TERROR FINANCINGSupport Dwindles for Cracking Down on Nonprofit Terror Financing

By Christina Lengyel, The Center Square

Published 26 November 2024

The overwhelming bipartisan support a plan to revoke tax exemptions for nonprofits deemed supportive of terrorist organizations once enjoyed has dwindled as critics worry about constitutional overreach.

A plan moving through Congress may soon revoke tax exemptions for nonprofits deemed supportive of terrorist organizations.

The overwhelming bipartisan support it once enjoyed, however, has dwindled as critics worry about constitutional overreach.

Supporters blame the sudden reversal on something more immediate: distrust of the incoming presidential administration.

In April, the House passed H.R. 6408 in a vote 382-11. It is a bill extending power to the Secretary of the Treasury to revoke tax-exempt status from any organization that supports terrorist organizations.

Though the bill did not gain traction after the initial vote, lawmakers again voted on the exact same language added into H.R. 9495, a proposal that would also alleviate fines and penalties from missed tax deadlines for Americans held hostage abroad.

This time, however, it made a public splash as members of Congress received pushback from constituents and non-profit organizations alike. Joining activists long concerned for the future of Palestinian aid, domestic organizations were moved to speak out against the bill out of concern for their own survival.

The first attempt to pass the proposal with a supermajority failed mid-month, and it returned to the House floor last Thursday for debate. The margin of support this time was much narrower at 219-184.

The only difference, Republicans say, is the incoming president.

Sponsor Rep. Claudia Tenney, R-N.Y., said that since the election, the bill had become the subject of “mass political hysteria.”

“I urge my colleagues to grab some common sense,” she said, noting that they were suffering from “Trump derangement syndrome.”
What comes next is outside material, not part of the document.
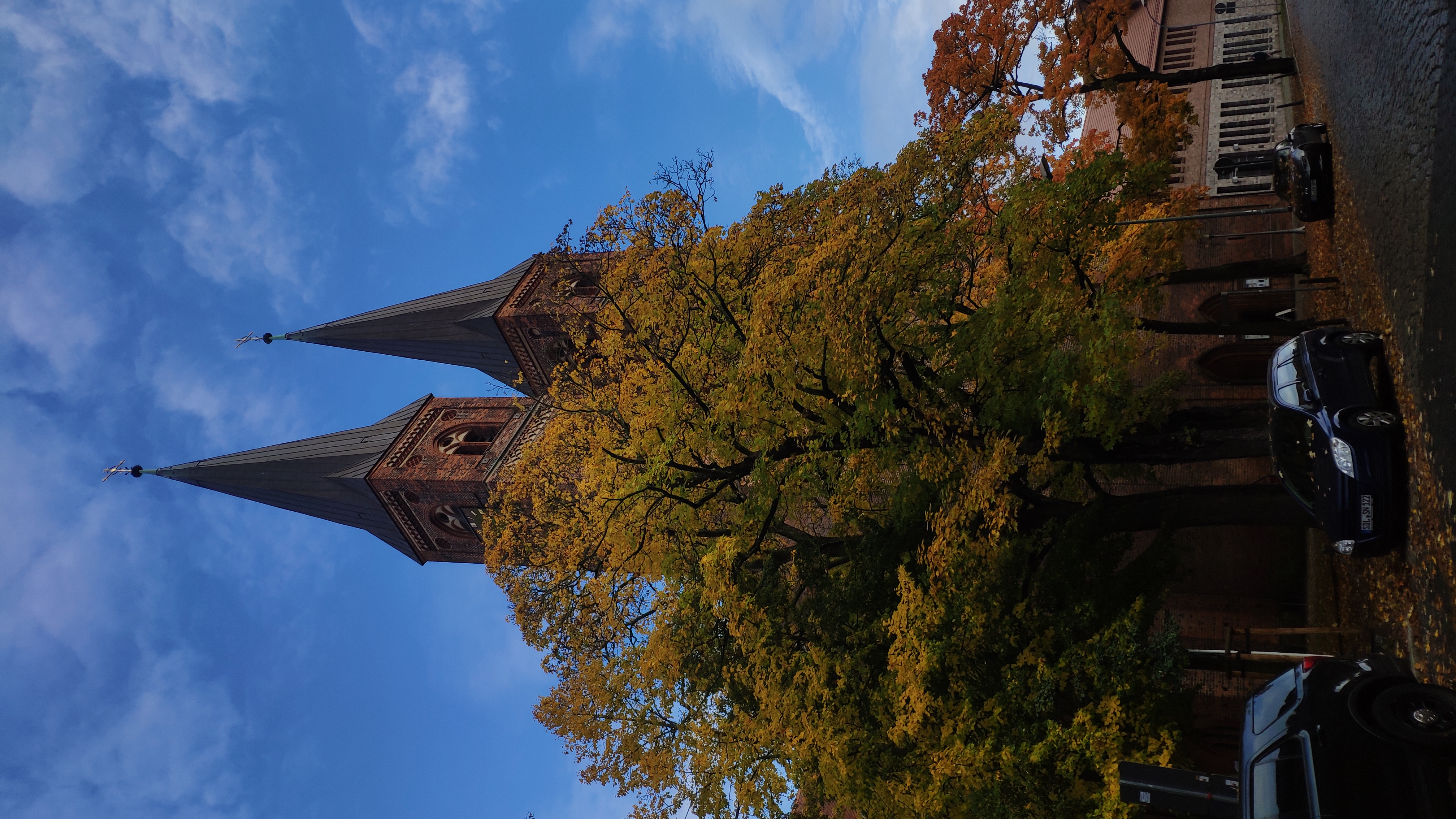 很快,就到了教堂。外观看起来,红墙还是很好看的。加之附近很多树叶都黄了,就更美了。还看到两辆挺好看的车、但是在国内见不到的车。夏天的时候,很多人开着敞篷车在路上,看着就很爽。

Rep Lloyd Smucker, R-Penn., called the reversal “the most bizarre argument I’ve heard since I’ve been in Congress.”

Opponents across the aisle worried that the bill could sanction Trump’s retaliation against non-profit organizations he deems to be hostile toward him, including major bodies like the American Civil Liberties Union.
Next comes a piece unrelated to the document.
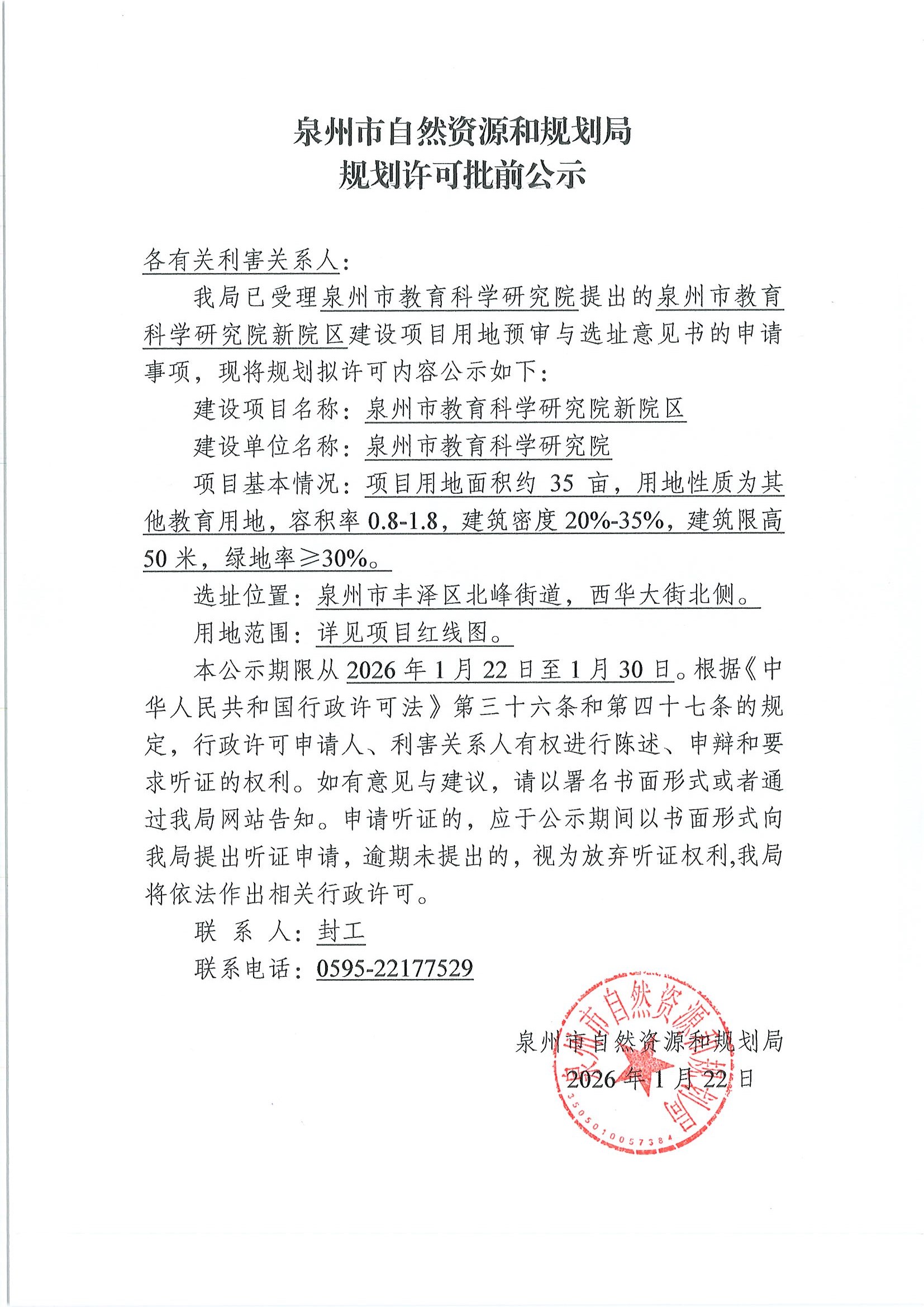 泉州市教育科学研究院新院区建设项目用地预审与选址意见书批前公示

“This is the death penalty bill that we’re considering today, the bill that empowers Donald Trump to extinguish the life of any non-profit, of any civic society group which happens to be on his enemies list,” said Rep. Lloyd Dogget, D-Texas.

He and others argued that the House could easily find unanimous consent for the first half of the bill granting tax relief to hostages, but the addition of the tax status portion goes too far.